In my class we recently discussed a paper by Higgins and Rodriguez (2006)—published in the Journal of Financial Economics—that contains an important lesson for researchers who want to apply the difference-in-differences (DiD) method in competition analysis and merger control.
“We find evidence consistent with the proposition that deteriorating R&D productivity could be the motivation underlying the acquisition of research-intensive firms.”
DiD estimators try to solve the problem of causal inference by comparing a treatment and control group over time. In competition analysis, this technique is often applied to compare a group of firms that engage in mergers and acquisitions (treatment group), with another group of firms that don’t (control group). The goal is to see whether the acquiring firms are able to charge higher prices due to lower competition in the aftermath of a merger.
To get the intuition behind DiD, have a look at the figure below. First, we need to check the difference in average price levels between both groups before the acquisition (difference 1). Second, we assess the difference in prices after the acquisition (difference 2). If difference 2 is larger than difference 1, we have solid evidence that acquiring firms are able to charge higher prices because of the anticompetitive effects of the merger. In this case, an antitrust authority such as the FTC or the European Commission would probably want to intervene to protect consumer interests.

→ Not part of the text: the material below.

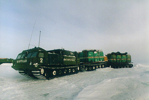 На первом фото сочлененный снегоболотоход "Витязь", это как раз вполне современная техника. Но гусеницы ограничивают ресурс, да и сам он, по отношению к собственной грузоподъёмности, очень тяжёлый, и требует большой мощности для движения. На второй - как раз ракетный тягач.
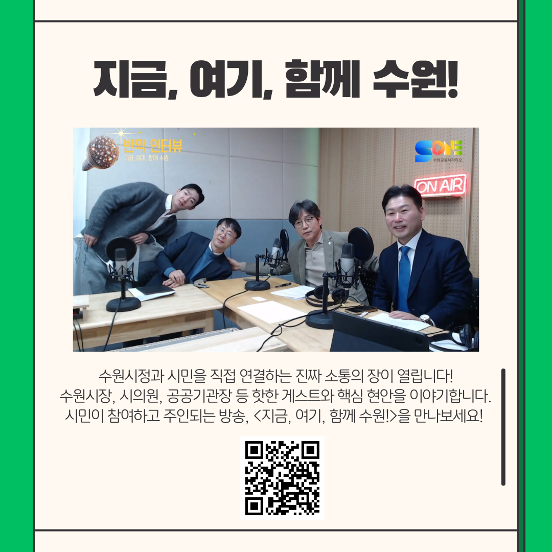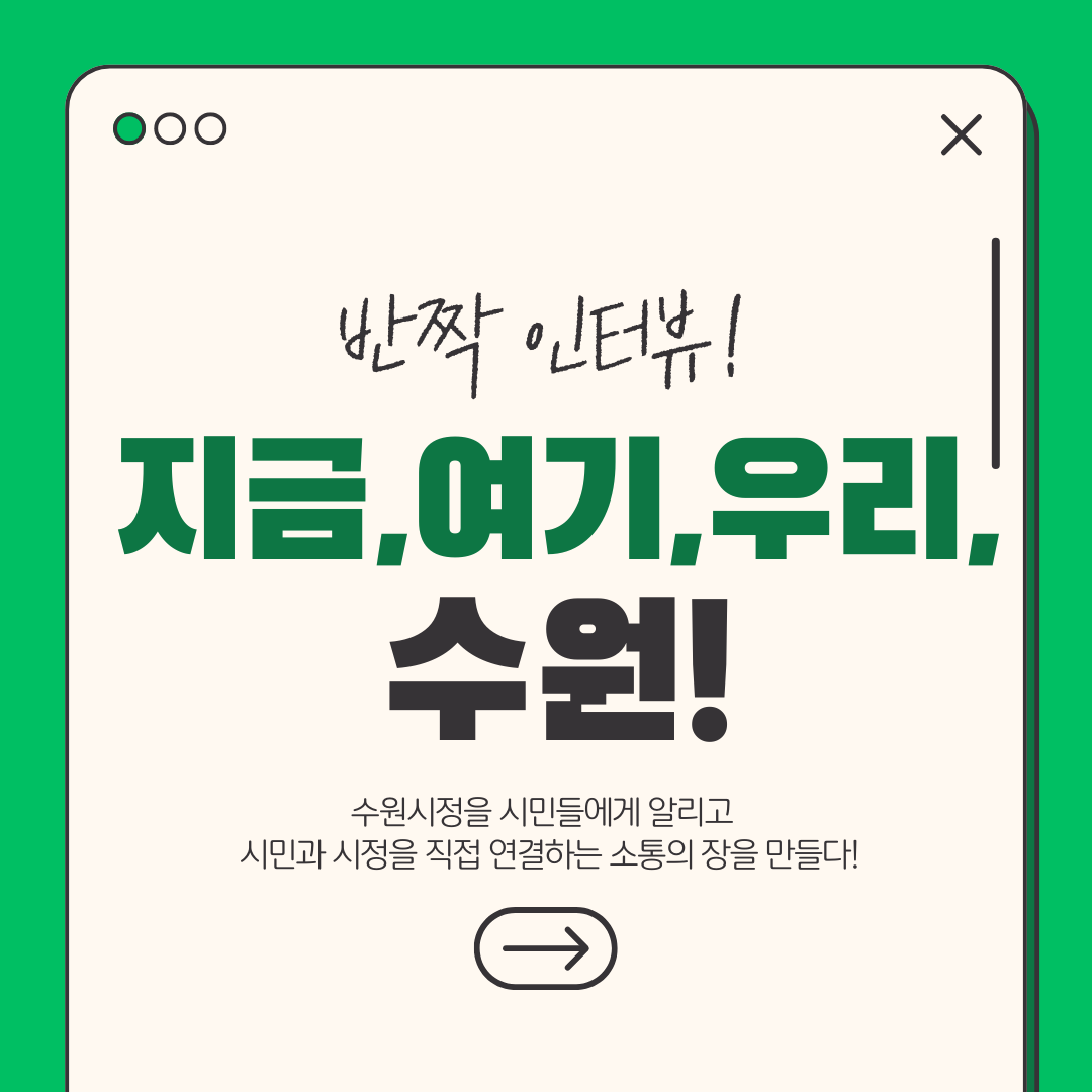 수원시정과 시민을 잇는 소통 방송 <지금, 여기, 함께 수원!> '반짝 인터뷰' 2편을 확인하세요.

By now the name should also make sense. The causal effect of acquisitions is estimated by looking at the difference (or change) between difference 1 and difference 2:
Effect of acquisitions = difference 2 – difference 1
The great advantage of DiD estimators is that treatment and control groups don’t have to be entirely similar, like with other statistical methods. That means, it’s no problem if there is a positive difference 1 before the acquisition. This milder requirement is great in applied work, because we know that acquirers are often very different from the general population of firms (larger, greater financial resources, etc). However, the causal interpretation of DiD estimators hinges crucially on the assumption that nothing else of importance changes in the meantime. Everything on top of difference 1 is attributed to the effect of the treatment. Therefore, simultaneous changes in firms’ prices due to other influence factors need to be ruled out. We also say that the difference between treatment and control group needs to be “time-invariant” or “constant over time”.

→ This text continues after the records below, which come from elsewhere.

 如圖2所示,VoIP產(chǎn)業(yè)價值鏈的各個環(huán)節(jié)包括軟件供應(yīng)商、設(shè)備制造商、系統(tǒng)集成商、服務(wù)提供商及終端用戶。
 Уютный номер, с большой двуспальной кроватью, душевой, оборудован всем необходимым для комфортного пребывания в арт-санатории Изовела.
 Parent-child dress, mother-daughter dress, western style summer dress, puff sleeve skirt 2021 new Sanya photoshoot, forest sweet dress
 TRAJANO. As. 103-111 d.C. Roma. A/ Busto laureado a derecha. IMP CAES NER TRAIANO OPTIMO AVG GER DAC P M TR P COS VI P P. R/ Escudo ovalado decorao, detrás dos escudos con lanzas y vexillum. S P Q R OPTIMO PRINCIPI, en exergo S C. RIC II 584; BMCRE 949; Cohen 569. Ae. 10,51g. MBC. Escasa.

This brings me back to the quote from above. Higgins and Rodriguez show that firms in the pharmaceutical industry make use of acquisitions predominantly in times when their own product pipeline is deteriorating. I.e., they buy up other firms when their own drug portfolio starts to become less profitable and no new blockbuster drugs are in sight. Hence, without their acquisitions, they would probably be forced to charge lower prices some time soon. If their M&A strategy plays out though, they can add a bunch of drugs with healthy sales forecasts to their existing portfolio and, at the same time, get rid of some annoying competitors to fight the price decline.

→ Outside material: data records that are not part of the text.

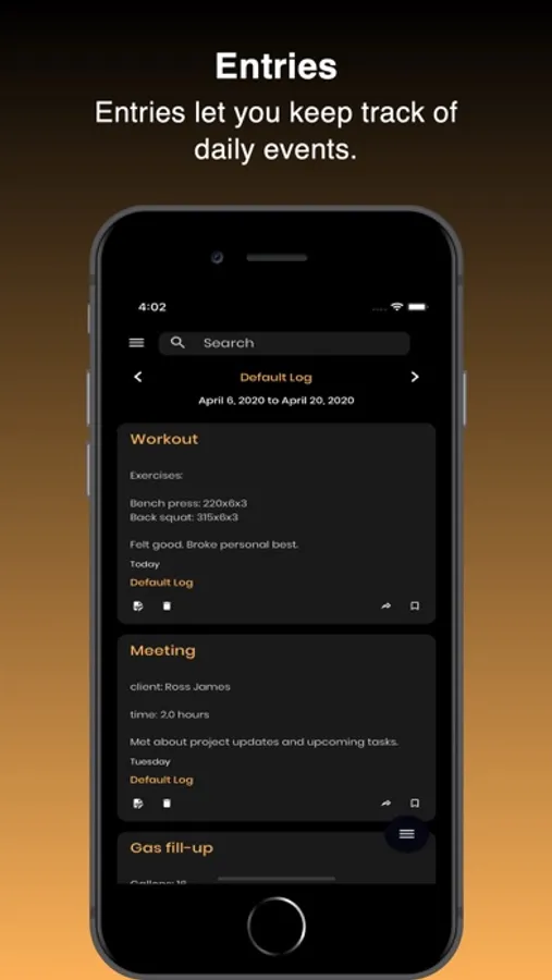 New Entries: Adding a new entry is a snap with the template feature. Create templates for common entry types and add them with just a few taps. For example, keeping track of exercise days or appointments. A set template helps you to create a new entry using a set form so that each entry is consistent.
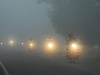 कोल्हापूरातील गुरुवारच्या पहाटे धुक्यांचे साम्राज्य होते. रत्नागिरी महामार्गावरुन शहराकडे येणाºया रस्त्यावर आंबेवाडीजवळ दुचाकीस्वारांना चक्क हेडलाईट लाउन प्रवास करावा लागला. (छाया : आदित्य वेल्हाळ)
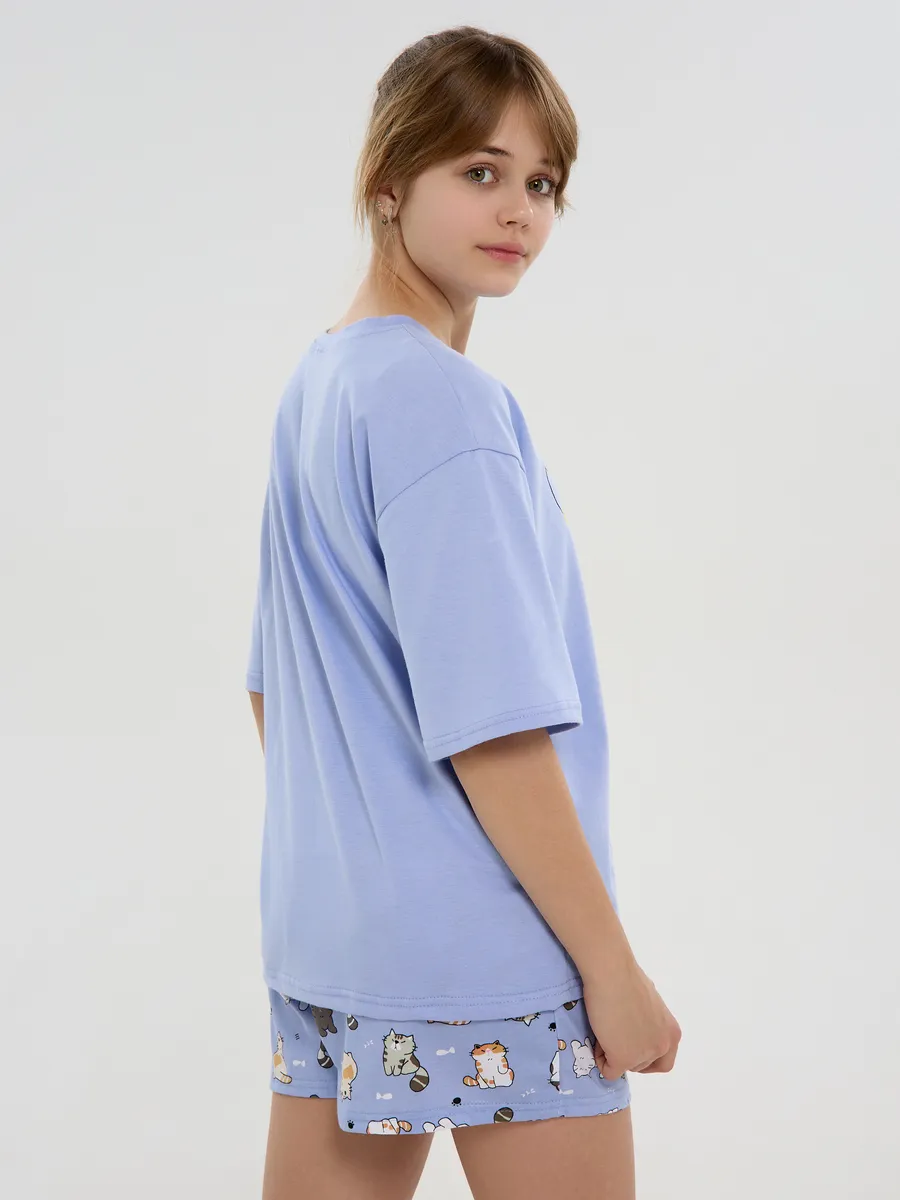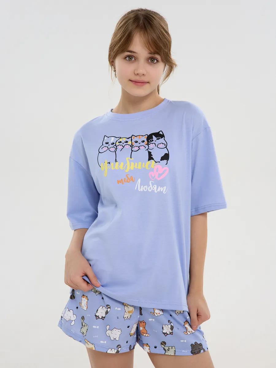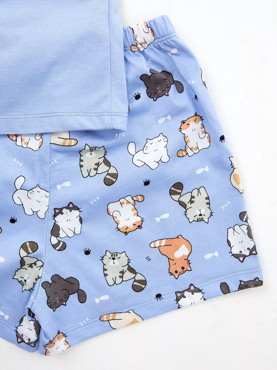 Пижама предназначена не только для сна, но и для активных игр дома. Комфортный крой одежды позволит ребенку свободно двигаться без чувства скованности. Практичный дизайн понравится как детям, так и родителям: пижама согреет зимой, а текстура ткани обеспечит нежное и легкое прикосновение к коже летом. Изделие выполнено из высококачественного хлопка, который не вызывает раздражения на коже, не протирается и не теряет свою яркость. Домашний комплект отличается не только функциональностью, но и стильным внешним видом: яркий цвет и модный принт с котятами подойдут каждой девочке! Оптимальная длина шорт предотвращает их короткость, а аккуратный пошив с ровными строчками и отсутствием торчащих ниток гарантирует качество изделия. Пижама для девочки с шортами идеально подходит для повседневной носки дома. Пижама для девочки представлена в различных размерах от 134 до 170. Благодаря расширенной размерной сетке, данная модель подходит как маленьким девочкам, так и молодым девушкам-подросткам.
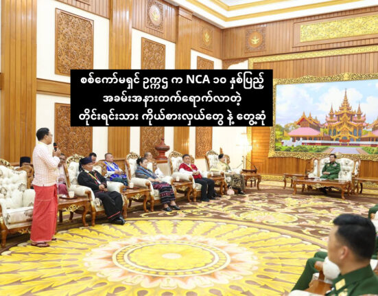 ‘’ငါ့လှေငါထိုး ပဲခူးရောက်ရောက်‘’ စိတ်မမွေးကြဖို့ အပါအဝင် စစ်ကော်မရှင် ဥက္ကဌ ရဲ့ NCA ၁၀ နှစ်ပြည့် အဓိက ပြောကြားချက်များ
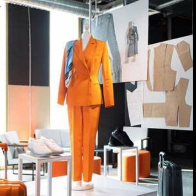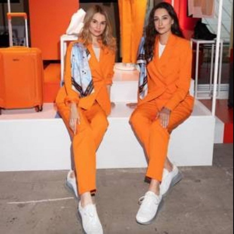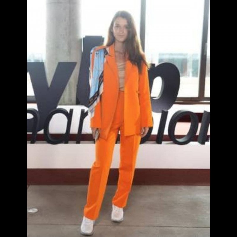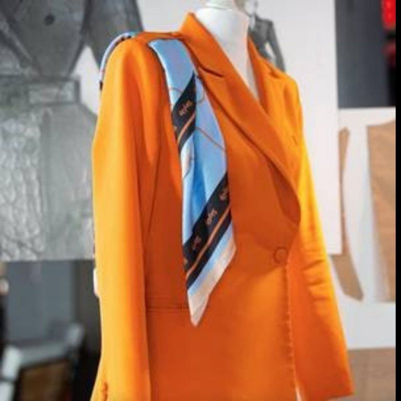 Se trata de unos tenis blancos y un traje holgado de dos piezas color mandarina, característico de la aerolínea, acompañado de un pañuelo de seda.
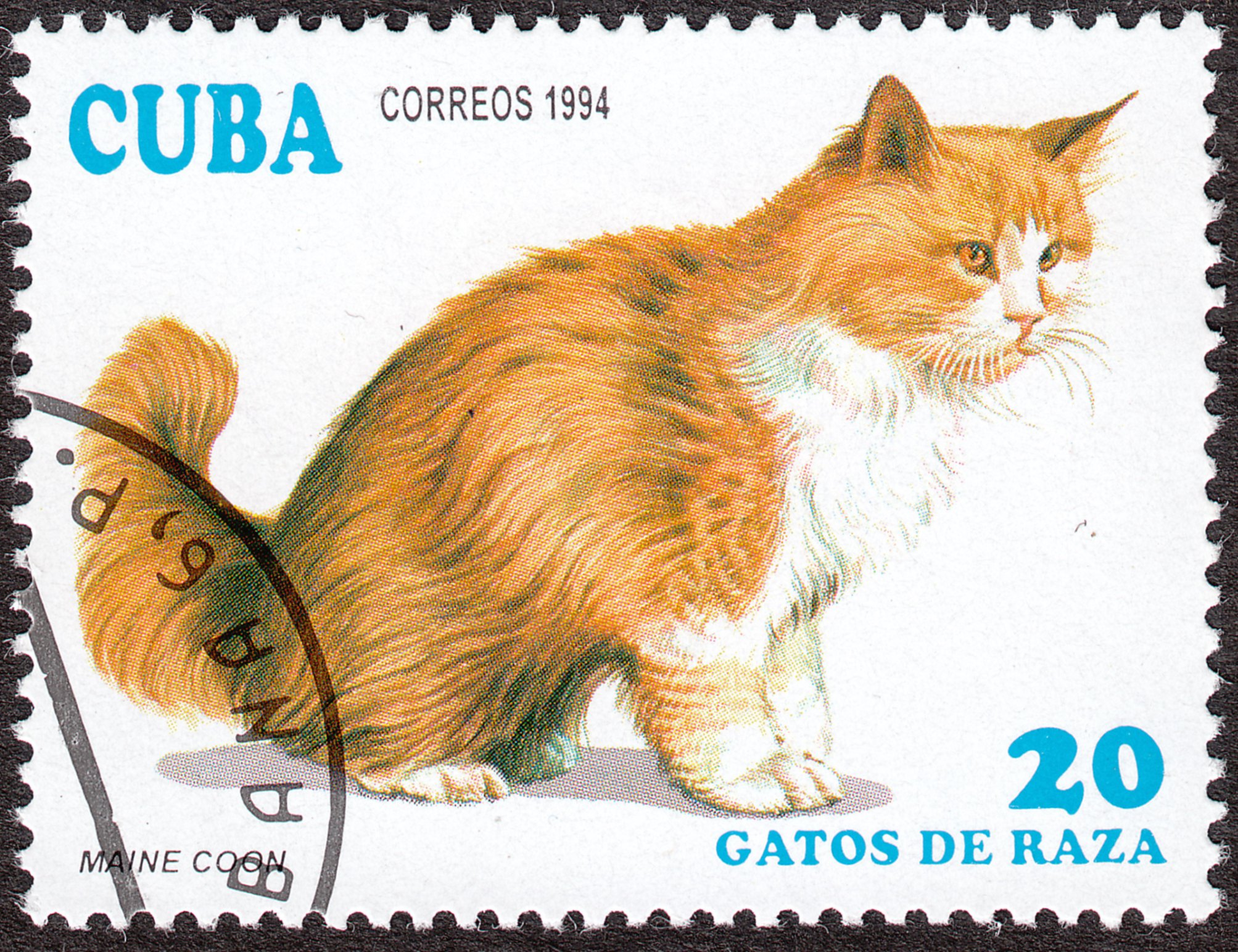 Hier eine Marke aus Kuba mit der Darstellung einer Maine-Coon-Katze:

If that’s the case, however, the time-invariance assumption mentioned earlier would be violated and our DiD estimates might be biased. Then, even if there was an anticompetitive effect of mergers and acquisitions, we wouldn’t be able to detect it, because only firms with a declining sales and R&D trajectory engage in them. All we would find, would be price levels staying the same for acquiring firms compared to firms from the control group. Consequently, competition authorities would remain inactive although they should better stop those acquisitions for the good of consumers.
In pharma—the industry Higgins and Rodriguez study—all these things are nicely observable since products are well-defined and their sales forecasts are quite predictable. Drugs are usually patent-protected, which gives firms monopoly rights for a certain period of time, after which sales drop sharply due to competition from generic drugs. Moreover, future drug developments are easy to trace, because firms need to apply for FDA approval way in advance. But if similar things are going on in other industries too—and it’s hard to tell—we should be cautious with interpreting difference-in-differences estimates in competition policy analysis.